PROBLEM DETAILS -
Copy the data that follows exactly. Include no pictures.

------ DATA SECTION

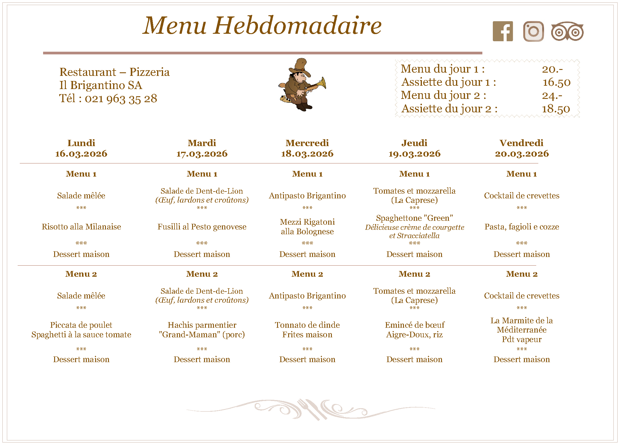 Il Brigantino – Les menus du jour du 16 au 20 mars 2026
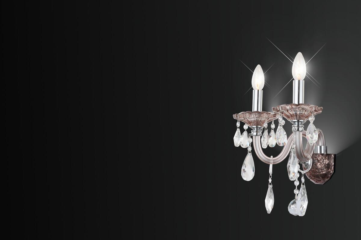 Для БРА необходима 2 лампы накаливания 40 W и цоколем E14. Габариты изделия: высота – 430 мм, диаметр – мм.
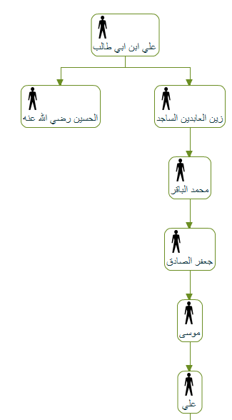 خوجة رشيد احمد زين العابدين احمد محمد شهاب الدين احمد جعفر الربحي علي الهادي محمد علي موسى جعفر الصادق محمد الباقر زين العابدين الساجد علي بن ابي طالب
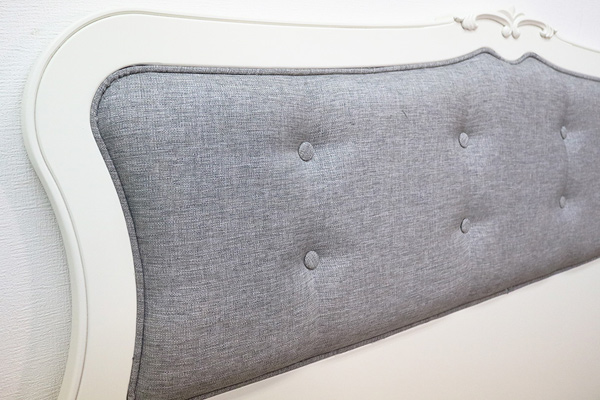 ロココ調デザインの優美さと繊細さ、流線の美しさを活かしたセミダブルサイズのベッドです。手彫りの彫刻や猫脚が洗練された上品な印象を与え、フェミニンな空間を演出してくれます。
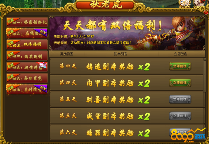 活动规则:活动期间,对应的副本奖励将会获得双倍。
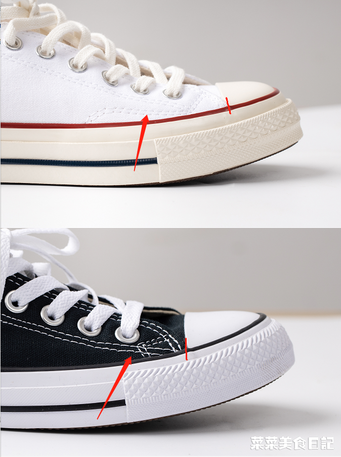 以往是匡威作为篮球鞋存在时为了避免穿错鞋而设计的,1970保留了这点,也成了它的一大特色。
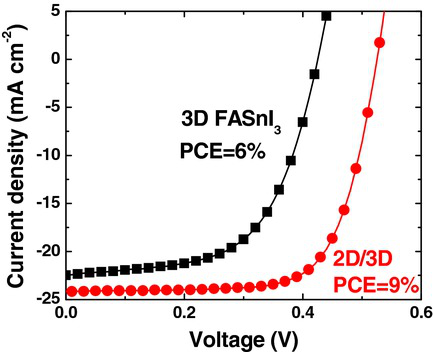 3D有机-无机杂化钙钛矿太阳能电池的性能虽然以惊人的速度被提高,但较差的稳定性阻碍其商业化应用。相对于3D混合钙钛矿,低维(即2D)混合钙钛矿表现出更高的湿度稳定性,为稳定钙钛矿光伏器件提供了新方法。Giulia Grancini等在这篇综述中讨论了二维钙钛矿的最新技术,概述了结构和材料工程方面以及光学和光物理性质。此外,文章还讨论了3D钙钛矿的最新发展及主要局限性,并评估了2D钙钛矿在稳定性方面的优势。最后回顾了3D/2D混合维钙钛矿同时提高器件效率和稳定性的方法所取得的最新成就,为钙钛矿太阳能电池的商业应用铺平了道路。

------------

ANSWER AREA -
 Il Brigantino – Les menus du jour du 16 au 20 mars 2026
 Для БРА необходима 2 лампы накаливания 40 W и цоколем E14. Габариты изделия: высота – 430 мм, диаметр – мм.
 خوجة رشيد احمد زين العابدين احمد محمد شهاب الدين احمد جعفر الربحي علي الهادي محمد علي موسى جعفر الصادق محمد الباقر زين العابدين الساجد علي بن ابي طالب
 ロココ調デザインの優美さと繊細さ、流線の美しさを活かしたセミダブルサイズのベッドです。手彫りの彫刻や猫脚が洗練された上品な印象を与え、フェミニンな空間を演出してくれます。
 活动规则:活动期间,对应的副本奖励将会获得双倍。
 以往是匡威作为篮球鞋存在时为了避免穿错鞋而设计的,1970保留了这点,也成了它的一大特色。
 3D有机-无机杂化钙钛矿太阳能电池的性能虽然以惊人的速度被提高,但较差的稳定性阻碍其商业化应用。相对于3D混合钙钛矿,低维(即2D)混合钙钛矿表现出更高的湿度稳定性,为稳定钙钛矿光伏器件提供了新方法。Giulia Grancini等在这篇综述中讨论了二维钙钛矿的最新技术,概述了结构和材料工程方面以及光学和光物理性质。此外,文章还讨论了3D钙钛矿的最新发展及主要局限性,并评估了2D钙钛矿在稳定性方面的优势。最后回顾了3D/2D混合维钙钛矿同时提高器件效率和稳定性的方法所取得的最新成就,为钙钛矿太阳能电池的商业应用铺平了道路。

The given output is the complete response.